Der Nachrichtenzyklus hat sich in den letzten Jahren massiv beschleunigt. Heute wird in vielen Fällen eine Reaktion fast in Echtzeit erwartet - nicht nur von Medienschaffenden, sondern auch von der Öffentlichkeit. KI hilft uns, diesem Tempo gerecht zu werden, ohne dabei Abstriche bei Genauigkeit oder Qualität zu machen. Das ist ein entscheidender Vorteil.

Wie setzt Ihr KI konkret ein?
Wir nutzen KI in drei zentralen Bereichen:

Erstens: Medienbeobachtung und Sentiment-Analyse. Unsere KI-gestützten Tools ermöglichen es uns, Erwähnungen von Roche in der globalen Medienlandschaft in Echtzeit zu verfolgen - und gleichzeitig Tonfall, Kontext und Diskussionsverlauf präzise zu erfassen und zu analysieren. Das hilft uns, fundierte Narrative zu entwickeln.

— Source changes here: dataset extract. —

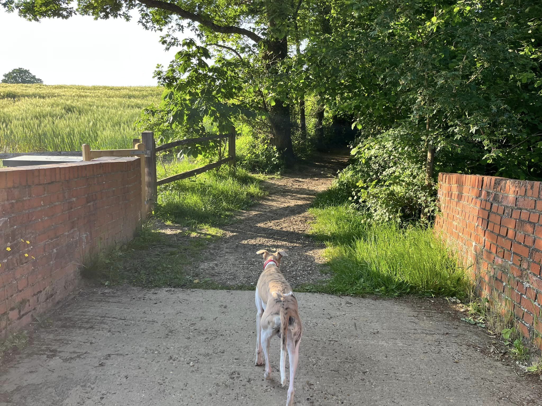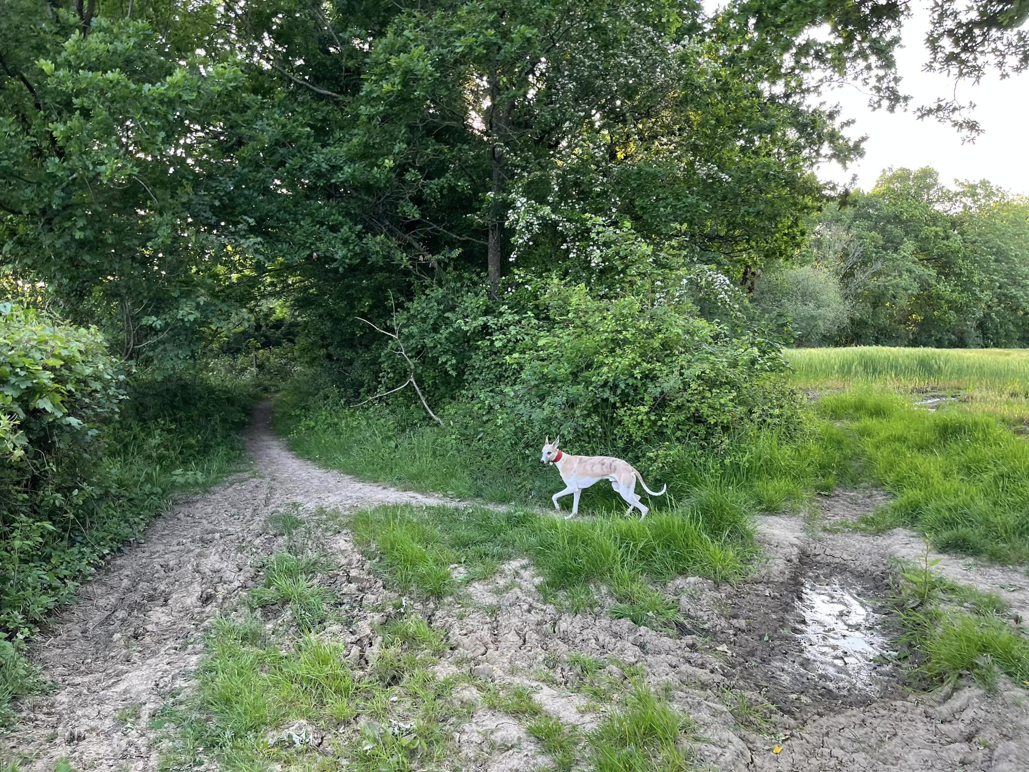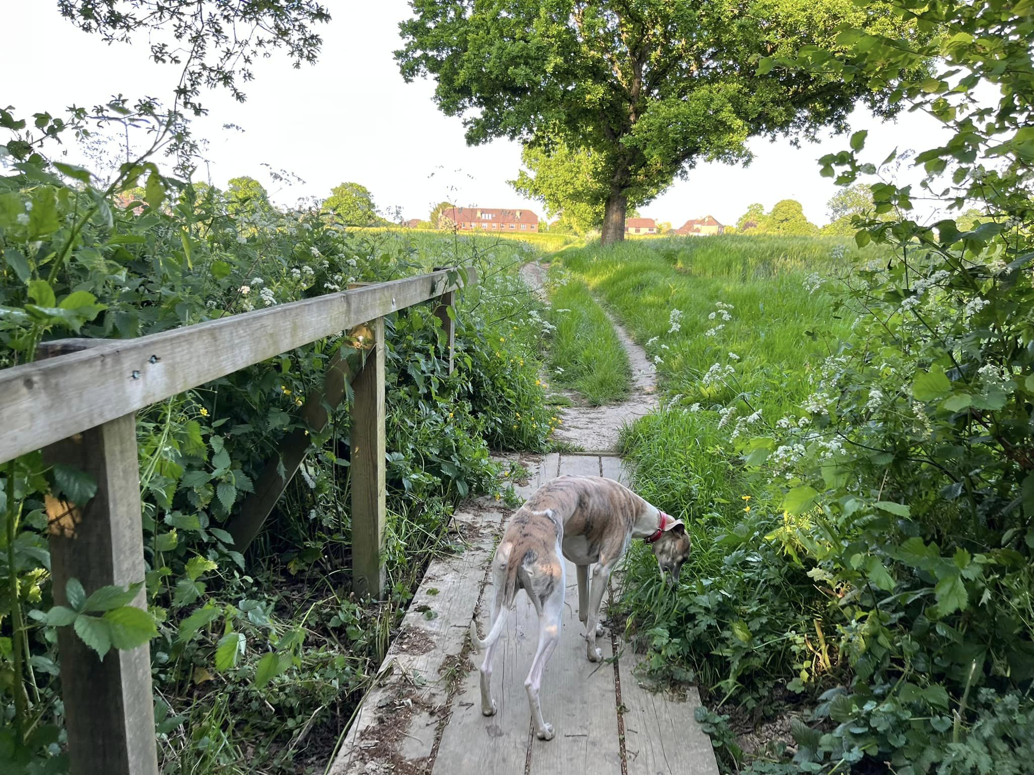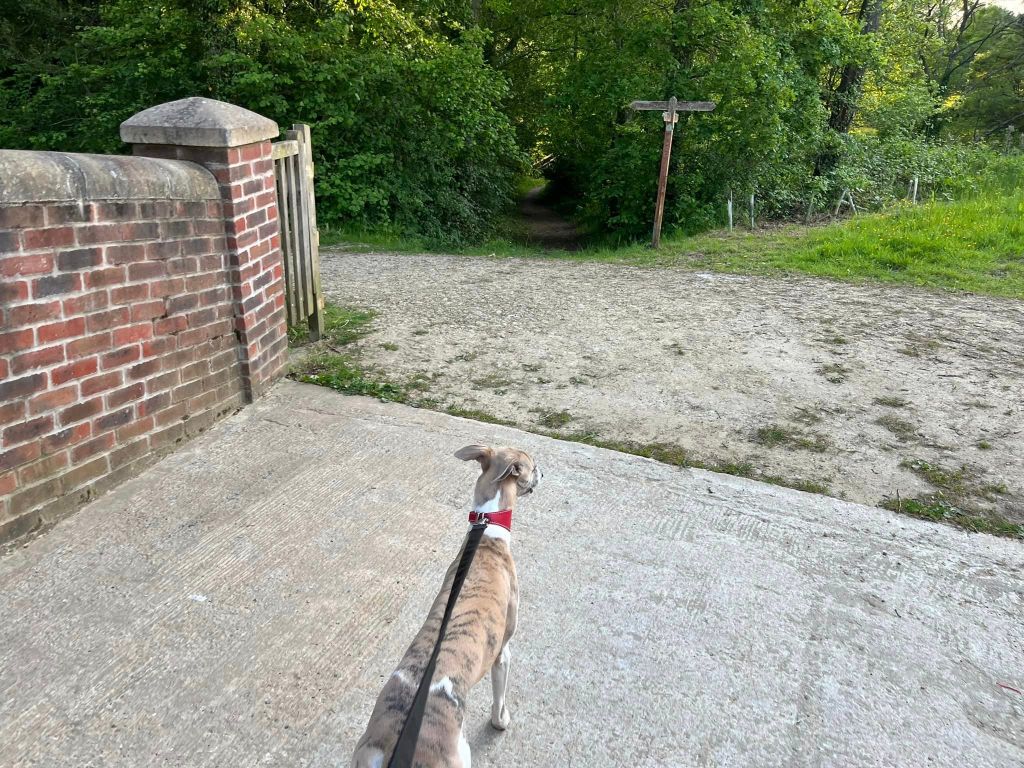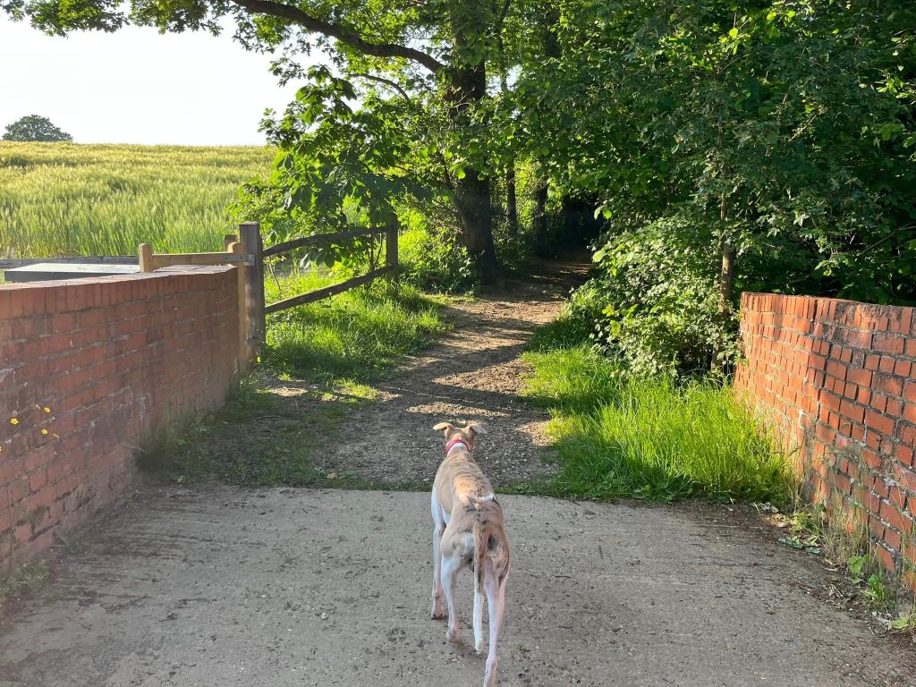 Ignore a small plank bridge to the left (it leads to a stile, unfortunately – the meadow behind said stile is really lovely and whippets can manage it but larger sighthounds cannot.) Follow this narrow path all the way to the cross paths and turn left. This is the Sussex Border Path. Follow this straight and it’ll bring you to a bridge.

Zweitens: Content-Erstellung und Personalisierung.Wir nutzen KI als Hilfsmittel.      . Wichtig ist: Es geht nicht darum, menschliche Kreativität zu ersetzen, sondern sie zu erweitern. KI hilft uns, Botschaften gezielt auf bestimmte Zielgruppen und Plattformen zuzuschneiden und damit mehr Resonanz zu erzeugen.

Drittens: Zielgruppenanalyse und Trenderkennung. Mithilfe von KI analysieren wir grosse Datenmengen, identifizieren relevante Stimmen im Gesundheitswesen und können so gezielter mit ihnen in Kontakt treten.

Welche Tools nutzt Ihr dafür konkret?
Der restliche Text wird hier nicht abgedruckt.